Give back the whole listing exactly as written, leaving out each picture.

▶ Stored data:
»»

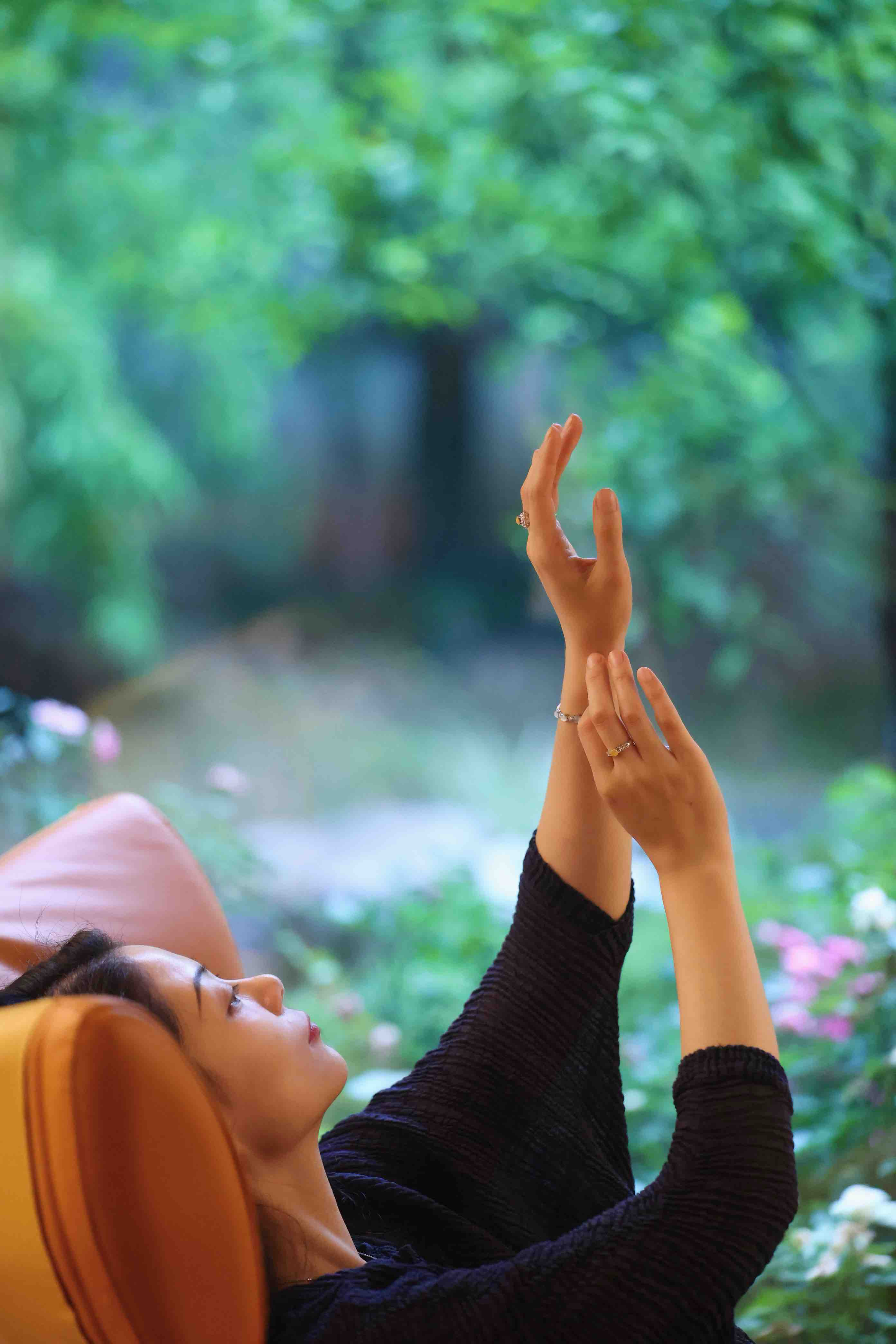 特别喜欢的一个镜头是在躺椅上,身体埋在软软的靠背中,那是一种松弛的状态,也是这一天中可以眯上眼睛体验松弛的状态。
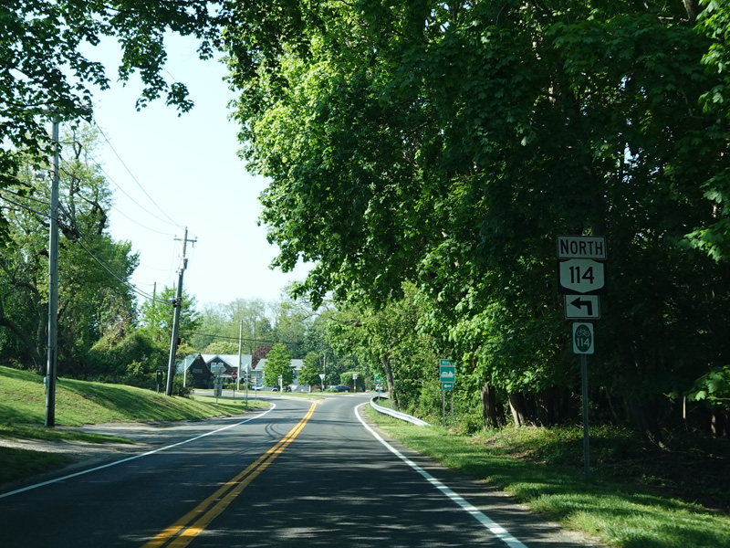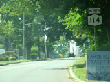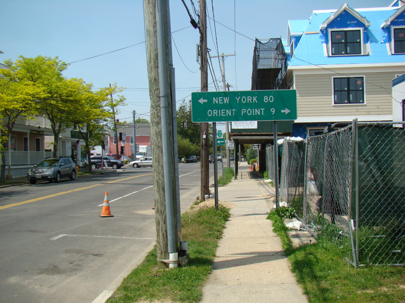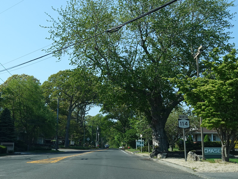 Welcome to Greenport! The section of NY 114 here is called Third Street. It runs north for one block to Front Street (NY 25), where it ends at a traffic light. Turn right to go east or left to go west.
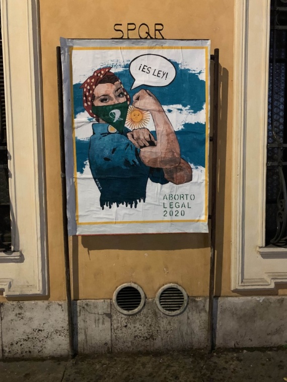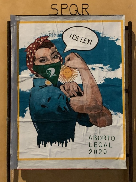 L’opera è un rifacimento del famoso poster “We can do it!“, risalente al periodo della Seconda Guerra Mondiale, e celebra la legalizzazione dell’aborto in Argentina.

««

▶ The completed task:
 特别喜欢的一个镜头是在躺椅上,身体埋在软软的靠背中,那是一种松弛的状态,也是这一天中可以眯上眼睛体验松弛的状态。
 Welcome to Greenport! The section of NY 114 here is called Third Street. It runs north for one block to Front Street (NY 25), where it ends at a traffic light. Turn right to go east or left to go west.
 L’opera è un rifacimento del famoso poster “We can do it!“, risalente al periodo della Seconda Guerra Mondiale, e celebra la legalizzazione dell’aborto in Argentina.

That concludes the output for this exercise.